On this day in 1921, the British House of Commons emphatically endorsed the Anglo-Irish Treaty, amid much self-congratulation about imperial generosity and forgiveness and the contention from one speaker that “the curse of Ireland has been the length of her memory”.
That memory will be needed in the coming months and years as the Brexit process evolves. In the aftermath of agreement between the EU and UK on moving to stage two, there have been assertions on the Irish side about “cast-iron guarantees” in relation to the Irish Border and the extent to which the agreement is “bullet-proof”. In contrast, Brexit secretary David Davis referred to it as a “statement of intent” before he was forced to backtrack.
The history of Anglo-Irish relations is a reminder of how agreements and phrases can be read in different ways, and there is much in last week’s EU-UK report that falls into that category along with, on the report’s cover, “the caveat that nothing is agreed until everything is agreed”.
One of the reasons British parliamentarians were smug this time 96 years ago was because they had outmanoeuvred the Irish signatories of the treaty; in particular, prime minister David Lloyd George had ensured the negotiations did not break down on the question of partition, by getting Arthur Griffith to promise he would not scupper the talks on this matter.
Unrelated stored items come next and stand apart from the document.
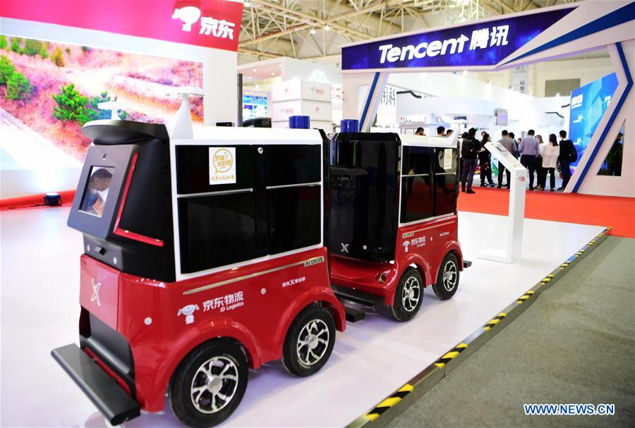 A driverless delivery car is displayed during the Digital China Exhibition in Fuzhou Strait International Conference and Exhibition Center in Fuzhou, capital of southeast China's Fujian Province, April 21, 2018. The exhibition opened here on Saturday, during which 293 exhibitors will display the latest digital economy achievements. (Xinhua/Wei Peiquan)
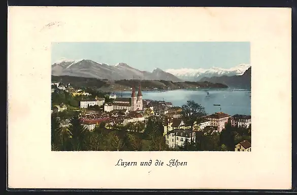 AK Luzern, Totalansicht mit Alpen aus der Vogelschau
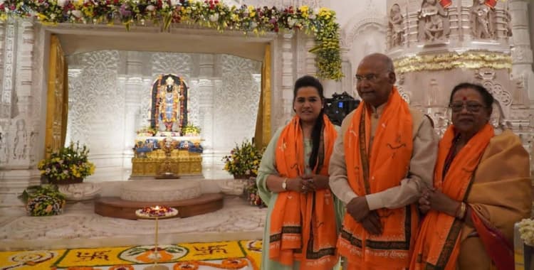 अयोध्या: पूर्व राष्ट्रपति रामनाथ कोविंद (Ramnath Kovind) ने शनिवार को अयोध्या (Ayodhya Ram Mandir) में रामलला के दर्शन किए. उनके साथ परिवार के लोग भी थी. पूर्व राष्ट्रपति के स्वागत में मंदिर परिसर सहित पूरे गर्भगृह को फूलों से सजाया गया था. रामलला के दर्शन के बाद वो कुबेर टीला भी गए. उन्होंने पक्षीराज जटायु को प्रणाम किया. पूर्व राष्ट्रपति रामनाथ कोविंद शुक्रवार दोपहर बाद परिवारजनों के साथ रामनगरी पहुंच गए थे. जैन मंदिर में अल्प विश्राम के बाद वे सरयू आरती में शामिल हुए थे. शनिवार सुबह उन्होंने परिवार के साथ श्रीराम लला के दर्शन किए. पूर्व राष्ट्रपति की अगवानी के लिए श्रीराम जन्मभूमि तीर्थ क्षेत्र के महामंत्री चंपत राय पहले से मंदिर परिसर में मौजूद थे.
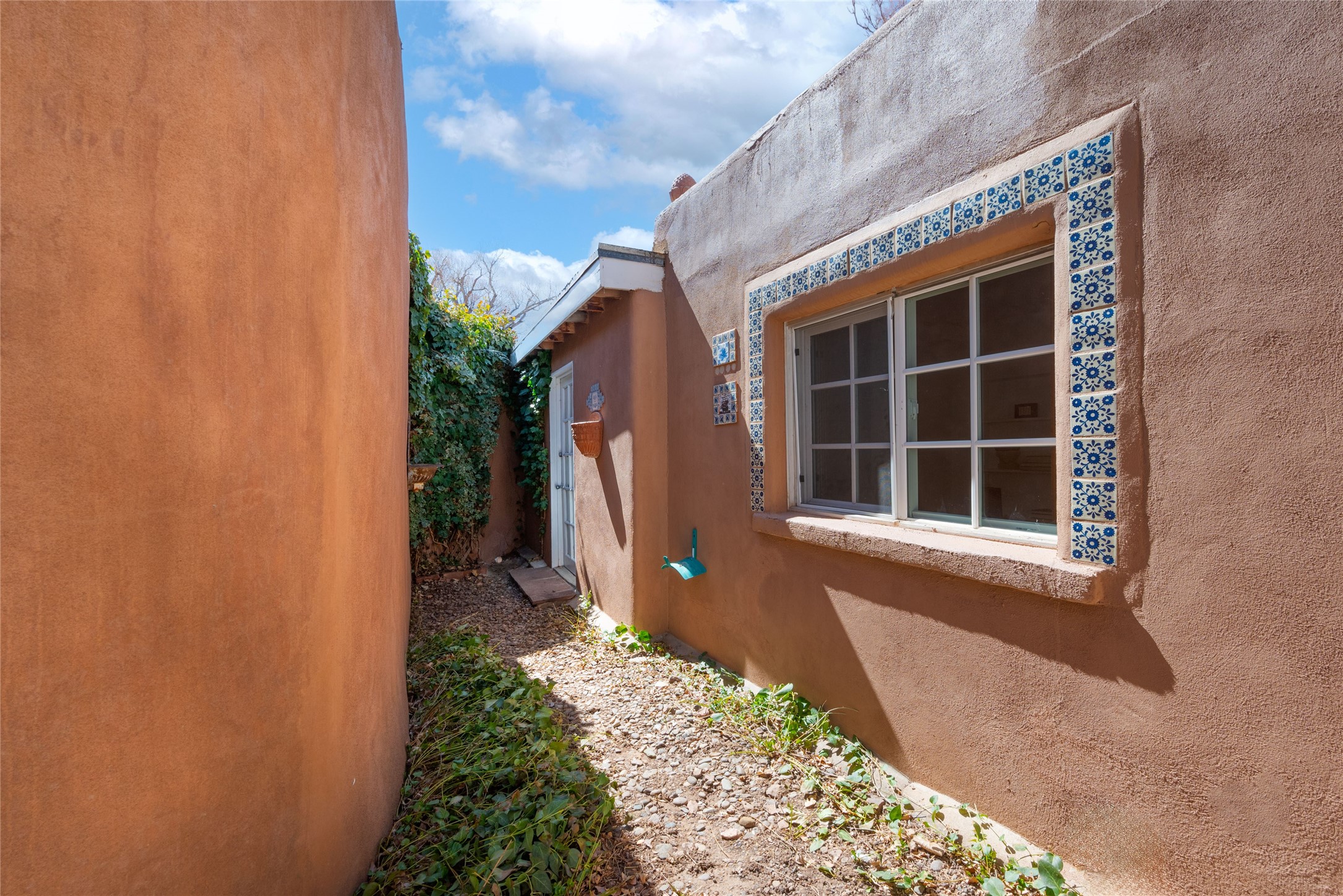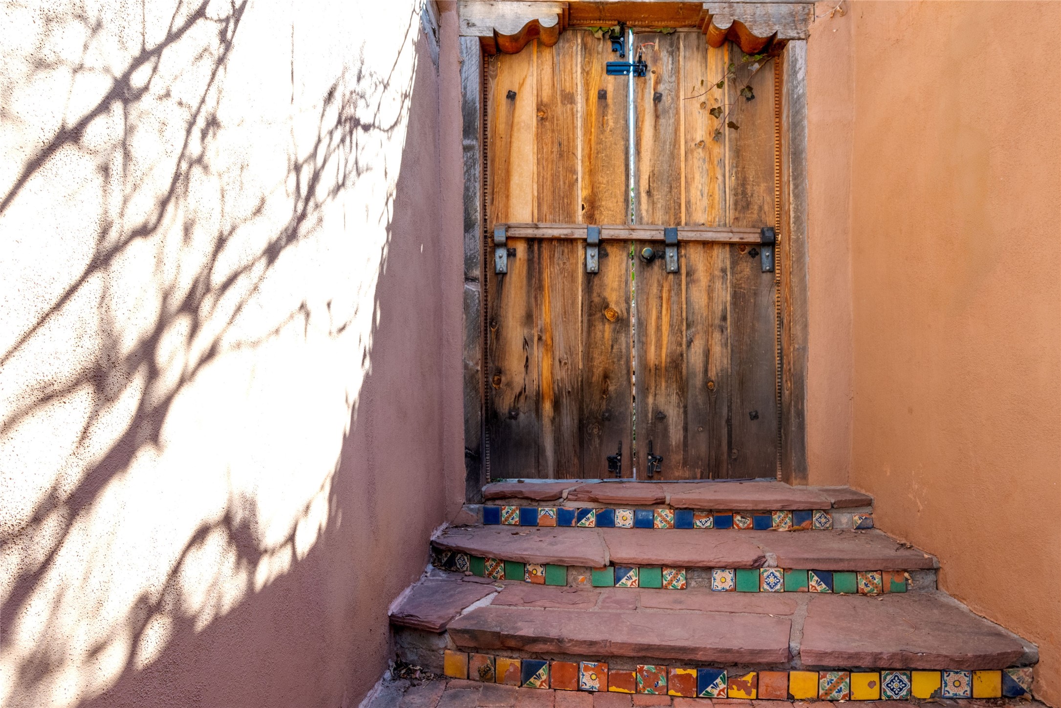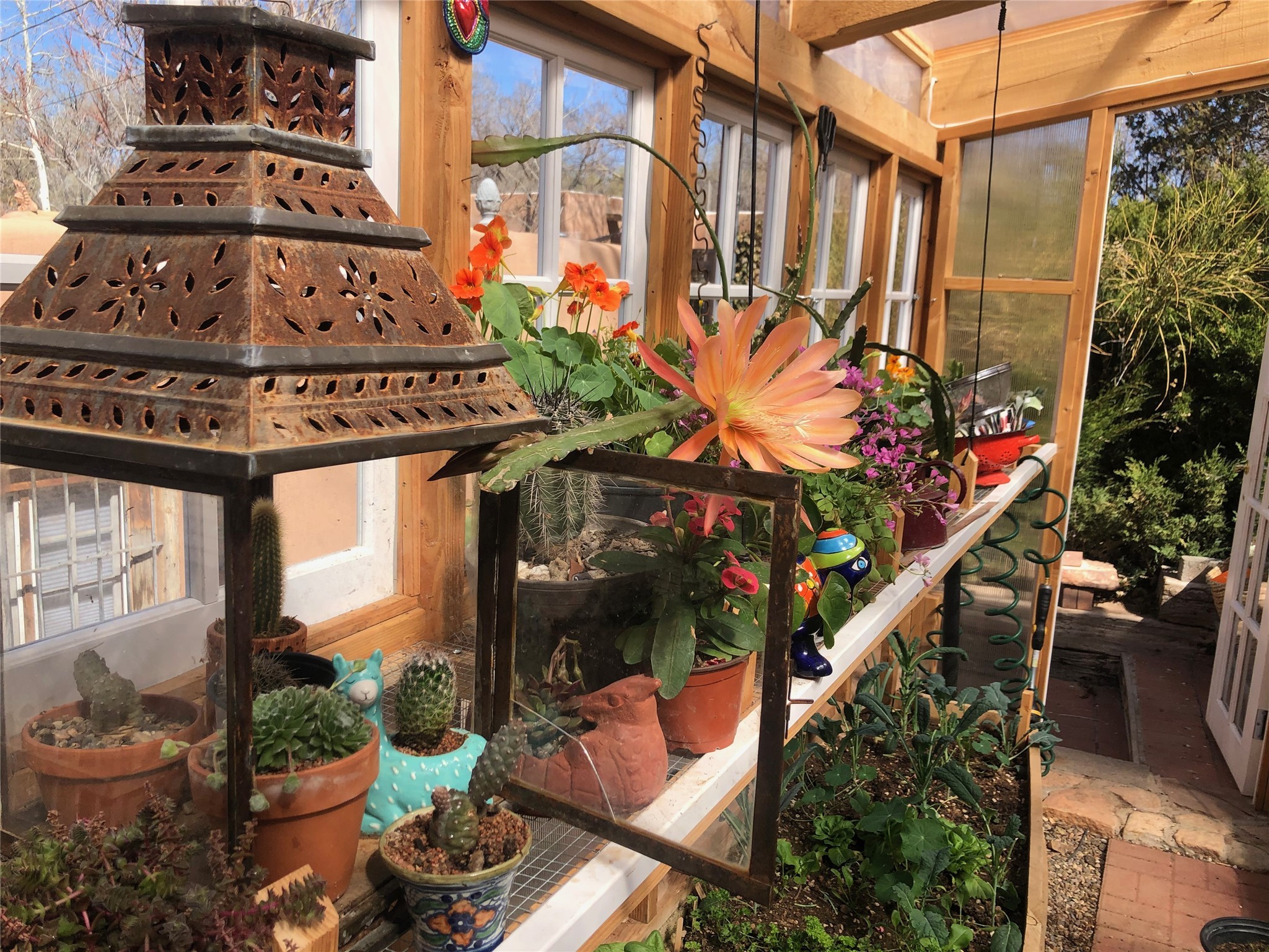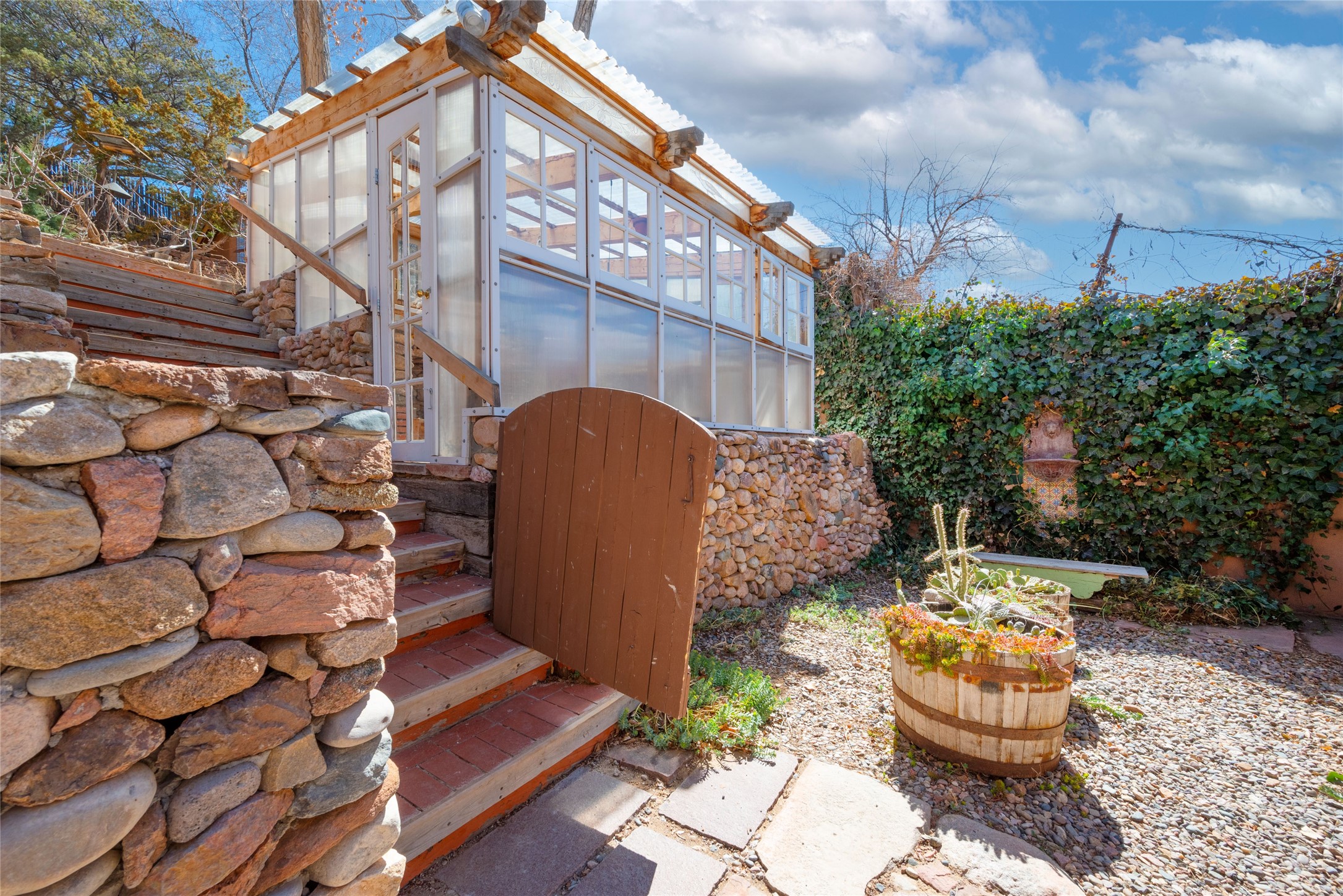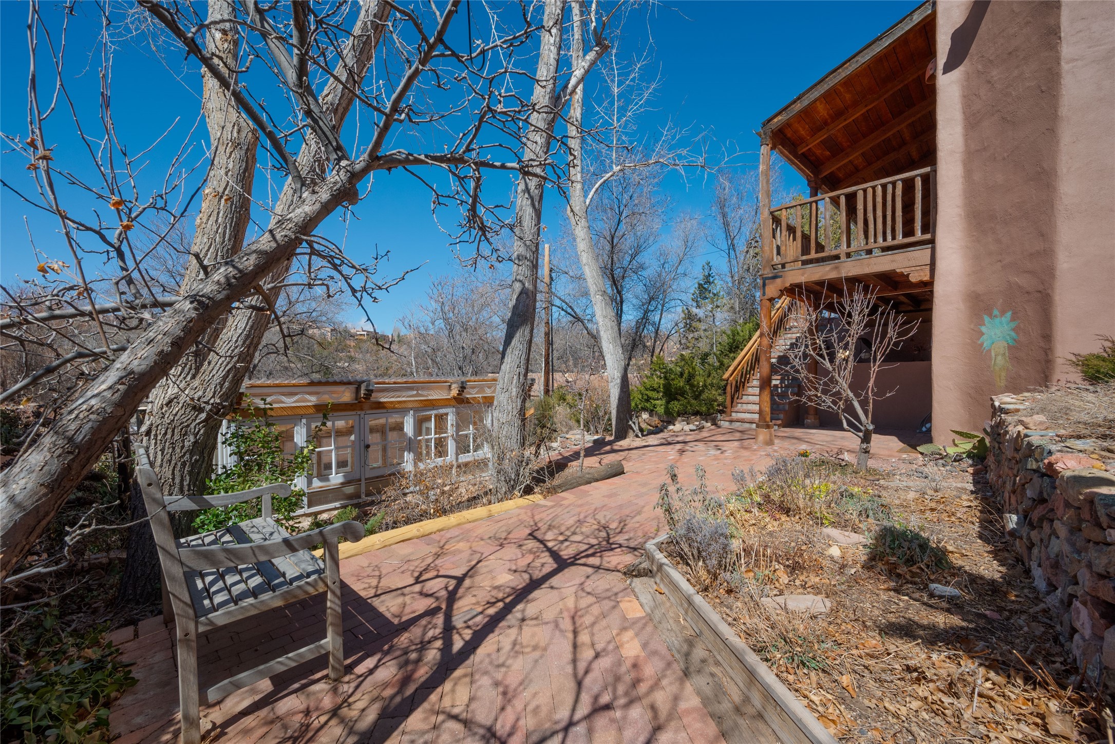 Upon entering the antique hand carved front doors, one is welcomed by a generous courtyard lined with multiple French doors filling the house with sunlight from morning to dusk. The beautiful bright hallway separates a private bedroom wing (2 bedrooms, 2 baths), laundry room, and office from the living room, breakfast nook and dining room area. The house has authentic New Mexican brick floors throughout and a traditional kiva fireplace surrounded by antique tiles. From the courtyard, an antique gate opens to hand-built stone walls, a year-round heated greenhouse, a terraced backyard filled with cactus and perennial gardens and apple trees. A tiled chapel sits high on the top of the property, offering views of the historic Lorenzo neighborhood. High above the house is the casita with 11 foot ceilings made of authentic split cedar latillas. There is a full kitchen, bath, bedroom and 2 kiva fireplaces. The living room and bedroom are accented by an expansive full length covered porch. The casita/guest house is surrounded by native New Mexican woodlands: pinon, juniper, cypress, chamisa, desert broom, purple aster and many other species, attracting birds and butterflies. The grounds are lined with brick walkways. The property is fully walled and fenced along the property lines, providing a private escape with plenty of room to explor and relax. The European style heaters were installed in 2025.

He did this after the promise of a future Boundary Commission which Sinn Féin believed, and was led to believe, would recommend large parts of the northern state brought into being the previous year be transferred to the new southern Free State, ultimately making Northern Ireland economically and politically unviable.
Economics and geography
That the Irish delegates were sold a pup on this issue was apparent on this day 96 years ago when Lloyd George insisted in the House of Commons he had never suggested Tyrone and Fermanagh would be transferred to southern Ireland “if Sinn Féin had a majority in the two counties . . . on the contrary all I had ever suggested was that the character of the population should be taken into account as well as economic and geographic conditions”. That, he said, was the Boundary Commission’s task.
The alarm bells should have been ringing in Dublin, but at that stage, Sinn Féin was understandably preoccupied with getting the Dáil to ratify the treaty at a time when this newspaper warned that “every hour’s delay is pregnant with danger”. The Dáil eventually ratified the treaty the following month; such was the widespread belief the Boundary Commission would “deliver” for the new Free State that the Border question hardly featured in the treaty debates.
The relevant article of the treaty stated that the extent of the “boundaries between Northern Ireland and the rest of Ireland” would be decided “in accordance with the wishes of the inhabitants, so far as may be compatible with economic and geographic conditions” by a three-man commission. The ambiguities were, of course, calculated. How were the wishes of the inhabitants to be ascertained? Did it hold out the possibility of a two-way transfer? The chair would be appointed by Britain and the Irish side had shown a remarkable lack of judgment in leaving such hostages to fortune. Their view that Counties Tyrone and Fermanagh as well as large transfers of South Armagh and Newry and Derry City were the prizes on offer were delusional. When the commission was eventually appointed in 1924, its chairman, British-born South African jurist Richard Feetham, refused to consider plebiscites for Irish Border counties even though other post-first World War commissions redrew borders in Europe based on plebiscites.
Fool’s paradise
When the commission’s report was leaked in 1925, it not only revealed the big prizes north of the Border were not on offer; it also recommended that a part of east Donegal be transferred to Northern Ireland. As head of government, WT Cosgrave had to rush to London to get the report suppressed and the Border remained as it was. Northern Ireland’s prime minister James Craig was greatly strengthened and he accused the Free State, hardly inaccurately, of having lived in a “fool’s paradise” in believing the commission would hold out the prospect of Irish unity. Northern nationalists regarded it as a travesty and the reverberations of this are still felt today, which is why Taoiseach Leo Varadkar pointedly promised northern nationalists last week that “no Irish Government will ever again leave northern nationalists behind”.
A measure of the weakness and isolation of Cosgrave was that he could only cry foul because Lloyd George had “given the impression” of changes to the Border favourable to Irish nationalists. Impressions and aspirations mean little; during the next phase of the Brexit process what matters is legal clarity and the dispelling of deliberate ambiguity and contradiction. At least today, Irish negotiators, unlike in 1921, are not isolated and are carrying more than just the weight of memory.